OPS09-BP04 Establish operations metrics baselines - AWS Well-Architected Framework (2023-04-10)

OPS09-BP04 Establish operations metrics baselines

Establish baselines for metrics to provide expected values as the basis for comparison and identification of under and over performing operations activities.

Common anti-patterns:

  • You have been asked what the expected time to deploy is. You have not measured how long it takes to deploy and can not determine expected times.

  • You have been asked what how long it takes to recover from an issue with the application servers. You have no information about time to recovery from first customer contact. You have no information about time to recovery from first identification of an issue through monitoring.

  • You have been asked how many support personnel are required over the weekend. You have no idea how many support cases are typical over a weekend and can not provide an estimate.

  • You have a recovery time objective to restore lost databases within fifteen minutes that was defined when the system was deployed and had no users. You now have ten thousand users and have been operating for two years. You have no information on how the time to restore has changed for your database.
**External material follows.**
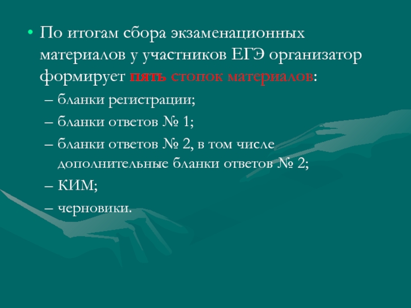 Слайд 10По итогам сбора экзаменационных материалов у участников ЕГЭ организатор формирует пять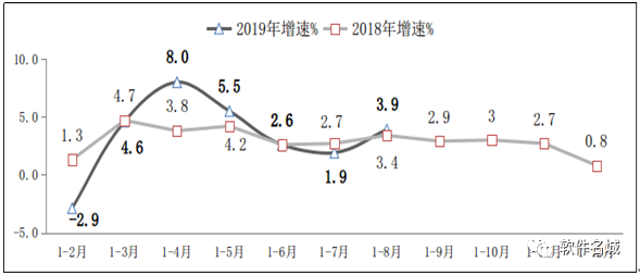 圖2 2018年-2019年1-8月軟件業(yè)利潤(rùn)總額增長(zhǎng)情況

Benefits of establishing this best practice: By defining baseline metric values you are able to evaluate current metric values, and metric trends, to determine if action is required.

Level of risk exposed if this best practice is not established: Medium

Implementation guidance

  • Learn expected patterns of activity for operations: Establish patterns of operations activity to determine when behavior is outside of the expected values so that you can respond appropriately if required.